オデブレヒト社元社長のマルセロ・オデブレヒト被告が10日、パラナ州連邦地裁で開かれたラヴァ・ジャット作戦(LJ)関連の裁判で、かねてから噂のあった同社の賄賂分配表に書かれていたコードネーム「アミーゴ」がルーラ元大統領のものであることを認め、さらに諸々の贈賄行為を行ったことを認めた。11日付伯字紙が報じている。
報道によると、マルセロ被告はパラナ州連邦地裁のセルジオ・モロ判事に対し、同社がルーラ氏や労働者党(PT)に対して行ってきた贈収賄の事実を次々と認めた。
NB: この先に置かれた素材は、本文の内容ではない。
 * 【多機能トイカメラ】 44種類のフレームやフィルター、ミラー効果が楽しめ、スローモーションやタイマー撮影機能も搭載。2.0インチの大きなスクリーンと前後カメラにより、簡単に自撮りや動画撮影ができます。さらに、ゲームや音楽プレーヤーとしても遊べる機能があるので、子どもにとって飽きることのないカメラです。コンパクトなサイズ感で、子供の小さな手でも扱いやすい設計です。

この裁判は、労働者党(PT)政権で財相や官房長官を歴任し、収賄や資金洗浄などで逮捕されているアントニオ・パロッシ被告とマルセロ被告ら、計15人が絡んだ贈収賄疑惑に関する裁判で、パロッシ被告には計1億2800万レアルが払われたという。
マルセロ被告はその供述で、パロッシ被告の側近だったブラニスラフ・コンチック被告が2012~13年に現金で引き落とした1300万レアルは、ルーラ氏への賄賂だったと語った。
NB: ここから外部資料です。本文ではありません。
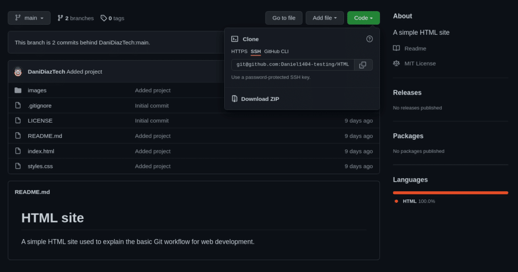 # Linux/macOS ls HTML-site/ # Windows dir HTML-site\ .git images .gitignore index.html LICENSE README.md styles.css

同被告はさらに、ルーラ研究所に対して400万レアルを横流ししたとし、同研究所の敷地や建物購入のために1240万レアルを投資したとも発言した。
また、パロッシ氏の後任で、ルーラ、ジウマ両政権で財相をつとめたギド・マンテガ氏にも、ジウマ氏の大統領選キャンペーン費用として5千万レアルを払ったという。
マルセロ被告は、これまで報道されていた、オデブレヒト社の贈賄分配表のコードネーム、「アミーゴ」がルーラ氏、「イタリアーノ」がパロッシ氏、「ポス・イタリアーノ」がマンテガ氏だったことも認めた。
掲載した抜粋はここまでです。